Feodosiya
FEODOSIYA
FEODOSIYA (Theodosia ; Black Sea port in Crimea, Ukraine; one of the most ancient towns). Founded during the Hellenistic period as the Greek colony of Theodosia, it was called Kaffa (Caffa) until the Russian conquest (1783). The Jewish settlement was also one of the oldest on Russian territory, its beginnings dating from the Hellenistic period. The old synagogue of Feodosiya, thought to be the most ancient in Russia, had an inscription which testified to its construction in 909. Under the rule of the Republic of Genoa from 1266, Feodosiya became the center of the Genoese colonies on the Black Sea. In order to attract merchants from all nations there, freedom of religion was granted for all Christian sects, Muslims, and Jews. The traveler Schiltberg, who visited Feodosiya at the beginning of the 15th century, relates of the existence of two communities in the town – a *Rabbanite and a *Karaite one. The Jews engaged in commerce and maintained relations with the Near East and Poland. The constitution of the town, proclaimed in Genoa in 1449, called on the consul and city elders to protect the Jews as all members of other religions, "from any robbery, from scheming against their property when one of them died intestate, and from other molestations of the bishop."
The situation of the Jews remained unchanged when the government of the town was transferred to the Bank of San Giorgio, a powerful financial company that administered the eastern colonies of Genoa (1453–75). The community continued to develop under Turkish rule also (1475–1783). At the beginning of the 16th century *Moses b. Jacob of Kiev, of Lithuanian origin, held rabbinical office in Feodosiya. He composed a uniform siddur for all the Jews of Crimea (the Kaffa rite) and instituted 18 takkanot for the community.
After annexation by Russia, Feodosiya was incorporated in the *Pale of Settlement.
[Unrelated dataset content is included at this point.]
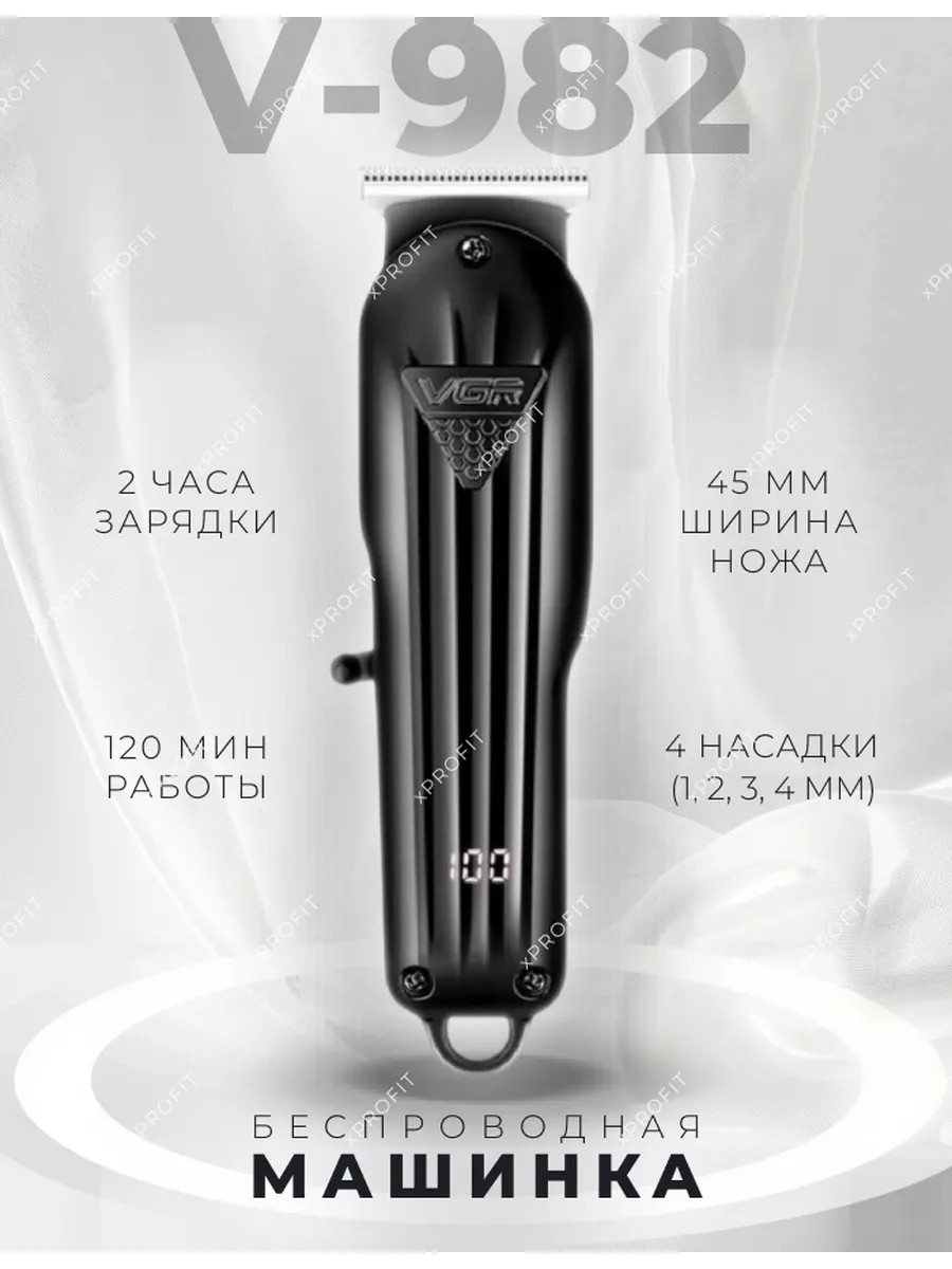Машинка для стрижки волос VGR V-982 - мощный роторный двигатель с увеличенным крутящим моментом, имеет профессиональные ножи из нержавеющей стали. Отличаются своей твердостью и долговечностью, что позволяет машинке справляться с самыми густыми и жесткими волосами. Профессиональная машинка оснащена инновационным встроенным Li-Ion аккумулятором 600 mAh. Вы можете выполнять стрижки как автономно, так и от сети. Отлично подходит для парикмахерской или домашнего использования. Led дисплей показывает уровень заряда. Характеристики: Бренд: VGR; Водонепроницаемость IPX6; Led дисплей: показывает уровень заряда; Индикаторы: работы и заряда аккумулятора; масло; Насадки: (4 шт) 1 мм; 2 мм; 3 мм; 4 мм; Аккумулятор: Li-on 600 mAh; Время зарядки: 2 часа; Время работы при полной зарядки 120 минут; Мощность: 5 Вт; Мотор: роторный 6600 об/мин; Шнур USB без блока питания: 1м; Низкий уровень шума: подходит для детей ; Применение: Стрижка волос; стрижка бороды, окантовка; Ширина ножа: 45мм

In 1897 there were 3,109 Jews in the town (12.9% of the total population), mainly Ashkenazim who had emigrated from Lithuania and Ukraine. On Oct. 17, 1905, pogroms accompanied by murder and looting broke out. The Jewish population of Feodosiya numbered 3,248 (11.3% of the total) in 1926 and 2,922 (6.5%) in 1939. After the February Revolution (1917) three Jews (Zionists) served on the local council. Between the wars there was a Yiddish school and a Jewish section in the local Teachers College. Feodosiya was occupied by the Germans on November 2, 1941. A ghetto was organized, and on December 4, 1941 Einsatzkommando 10b murdered 1,700 Jews (according to another document, 2,500). In February-May 1942 the last 200 Jews were killed. In 1970 the Jewish population of Feodosiya consisted of Crimean and Russian Jews and Karaites. There was no synagogue. Many left during the mass emigration of the 1990s.
bibliography:
I. Markon, in: Zikkaron le-Avraham Eliyahu Harkavy (1908), 449–69; E. Farfel, Beit Keneset ha-Attik ha-Nimẓa be-Ir Feodosiya (1912).